▶ EXCERPTED DATA
=== Section Start ===
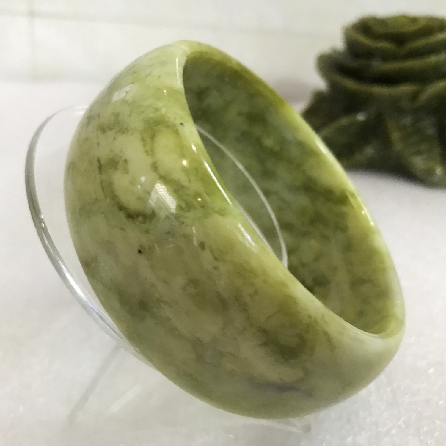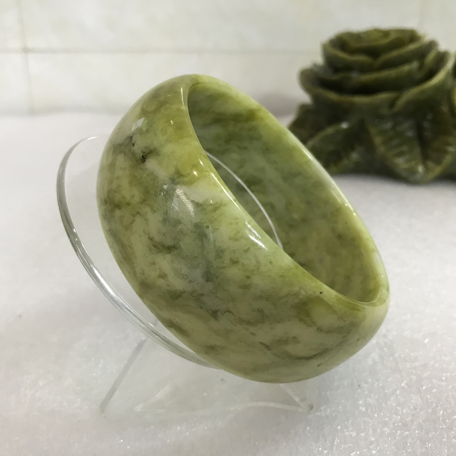 - Kích thước: Size 6.7 cm tương đương với chu vi tay 25 cm. là Bản to hay còn gọi là bản cao đến 3cm, chắc nặng, dày và mát tay, rất độc đáo , tất cả là hình chụp thật, không chỉnh sửa , bên ngoài màu sáng và bóng hơn trong hình. Còn cũng có nhiều size và nhiều màu khác từ đá ngọc thật
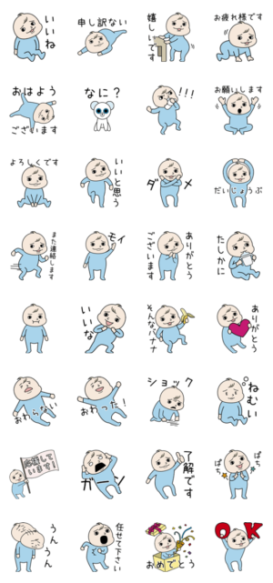 9か月になった赤ちゃんの日常をスタンプにしました。 小さいサイズのスタンプもあります。黒ごま より発売
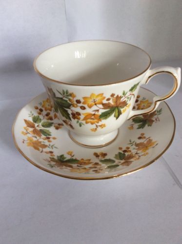 Title (ebay affiliate link): Queen Anne Bone China tea Cup #8606 & Saucer fall leaves gold trim mint
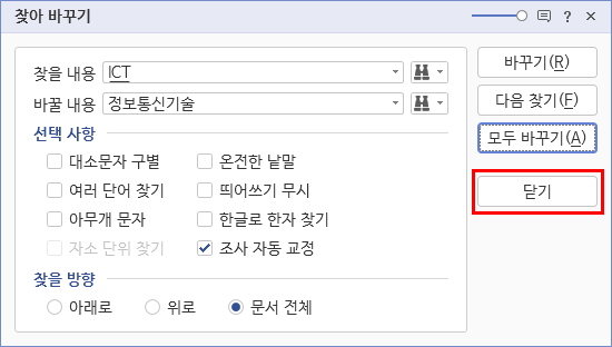 4. 찾아 바꾸기를 모두 완료했으면 [찾아 바꾸기] 대화 상자에서 <닫기>를 클릭합니다.
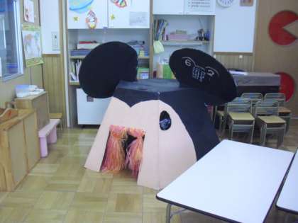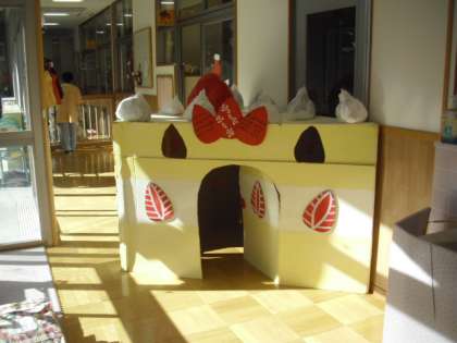 昨日、6年生の手で芦花保育園に寄贈した段ボールバンガローですが、ドアより大きなバンガローがどのようになっているのかが気になって保育園を訪ねてみました。すると、3作品とも施設の教室や廊下に配置されていました。そして「げつようびに、みんなであそびます。それまでさわらないでね!おやくそくです。」とひらがなで表示が貼ってありました。保育園の子どもたちがバンガローで遊んでいる様子を、ぜひ、見てみたいですね。
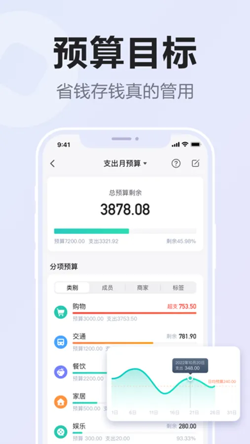 -预算目标:设置预算、收入目标、结余目标,满足省钱、存钱多种用途
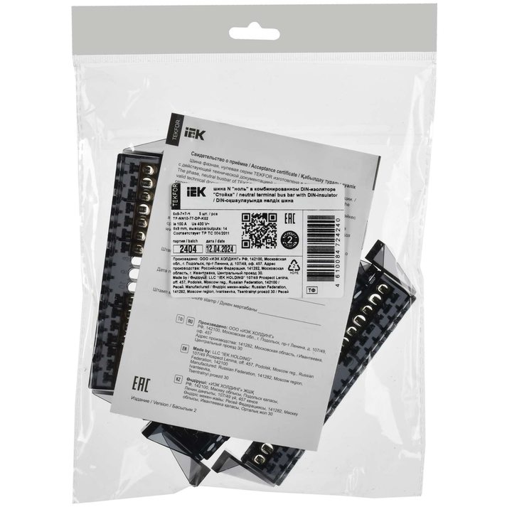 TEKFOR Шина N ноль в комбинированном DIN-изоляторе Стойка 6х9-(7+7)-Ч IEK
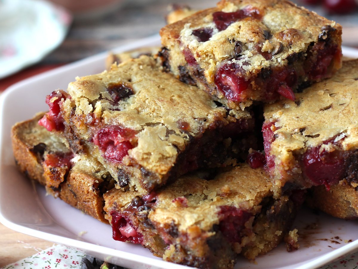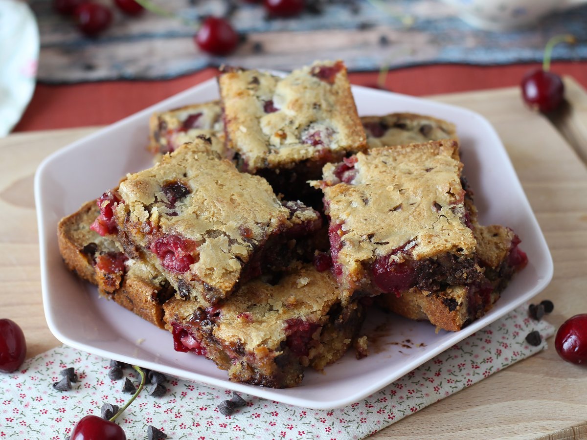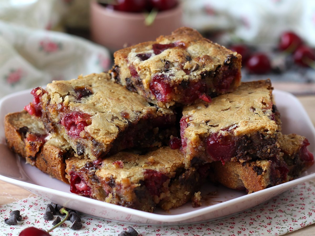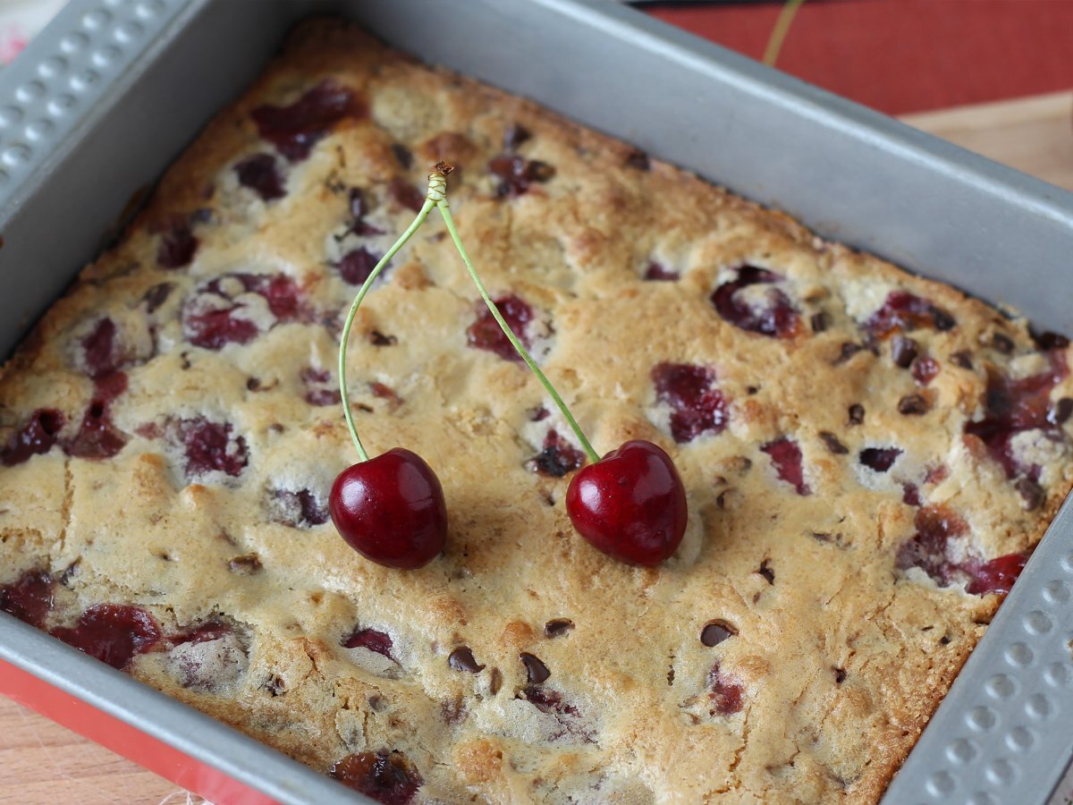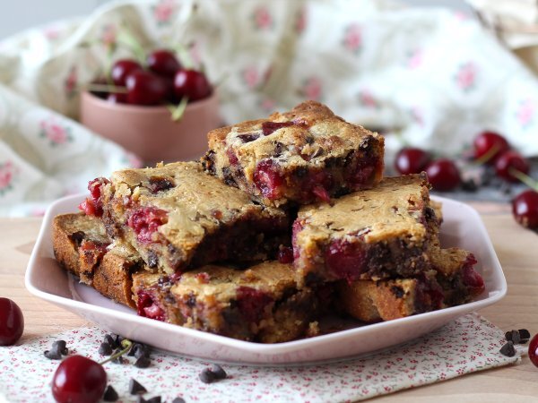 Blondie cu cireșe și ciocolată
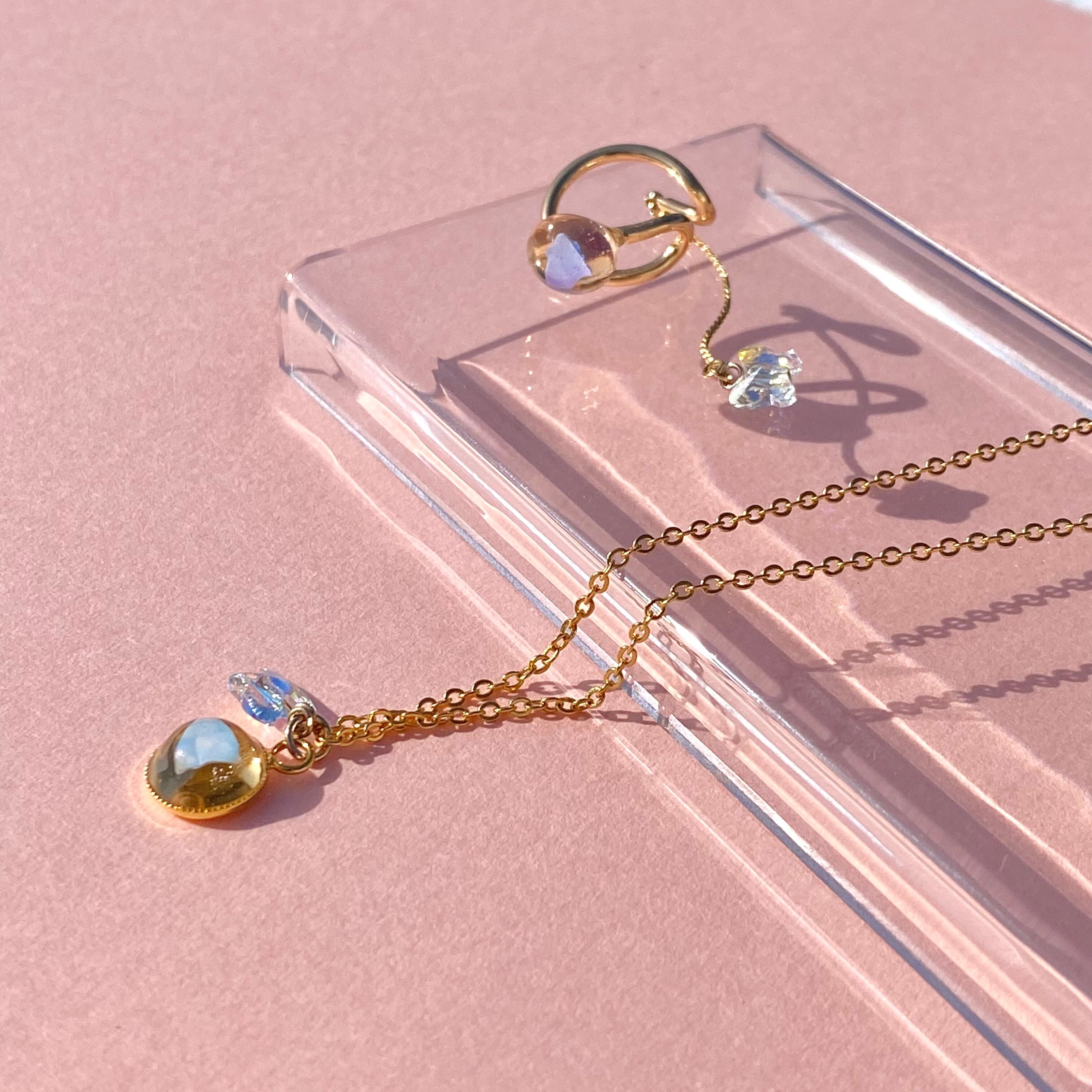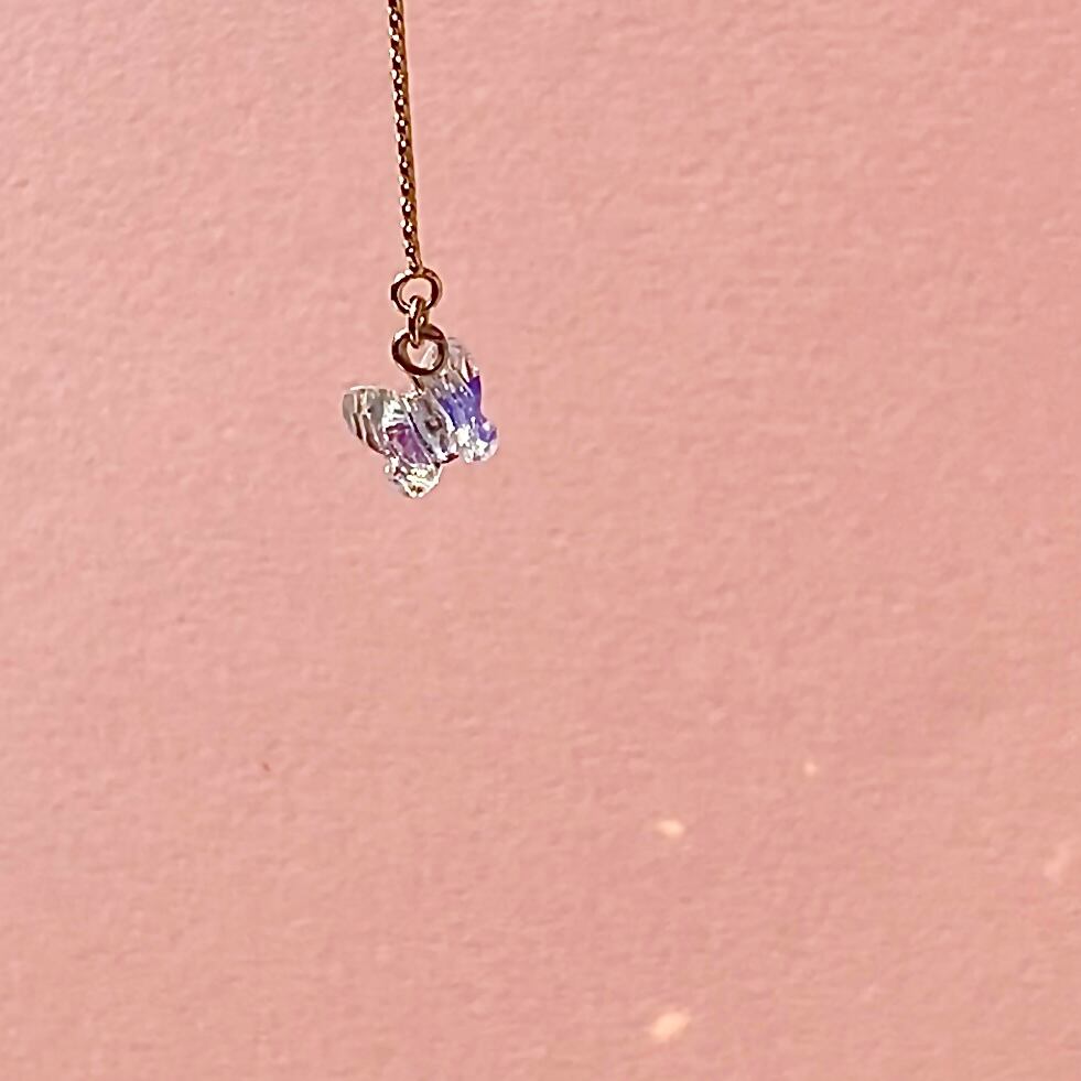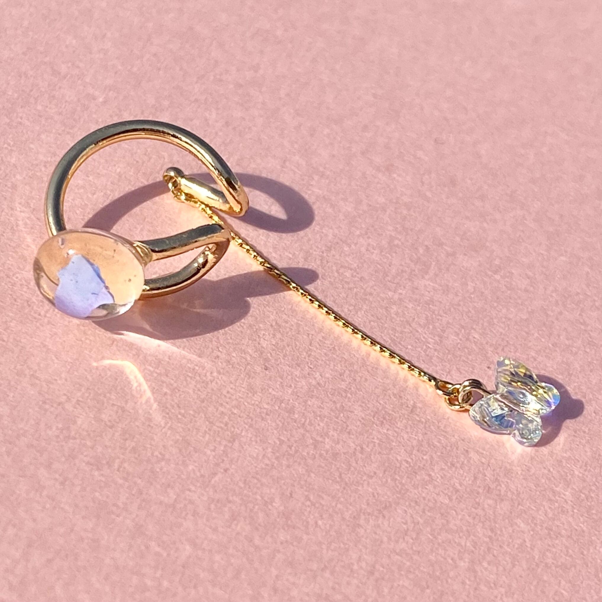 揺れる蝶々はクリスタル。甘いテイストもイヤーカフなら可愛すぎず、取り入れやすいです。
=== Section End ===
Starting from the line that contains "4. 찾아 바꾸기를 모두", transcribe exactly each line down to the final line of the material above, excluding every picture and adding nothing else.

 4. 찾아 바꾸기를 모두 완료했으면 [찾아 바꾸기] 대화 상자에서 <닫기>를 클릭합니다.
 昨日、6年生の手で芦花保育園に寄贈した段ボールバンガローですが、ドアより大きなバンガローがどのようになっているのかが気になって保育園を訪ねてみました。すると、3作品とも施設の教室や廊下に配置されていました。そして「げつようびに、みんなであそびます。それまでさわらないでね!おやくそくです。」とひらがなで表示が貼ってありました。保育園の子どもたちがバンガローで遊んでいる様子を、ぜひ、見てみたいですね。
 -预算目标:设置预算、收入目标、结余目标,满足省钱、存钱多种用途
 TEKFOR Шина N ноль в комбинированном DIN-изоляторе Стойка 6х9-(7+7)-Ч IEK
 Blondie cu cireșe și ciocolată
 揺れる蝶々はクリスタル。甘いテイストもイヤーカフなら可愛すぎず、取り入れやすいです。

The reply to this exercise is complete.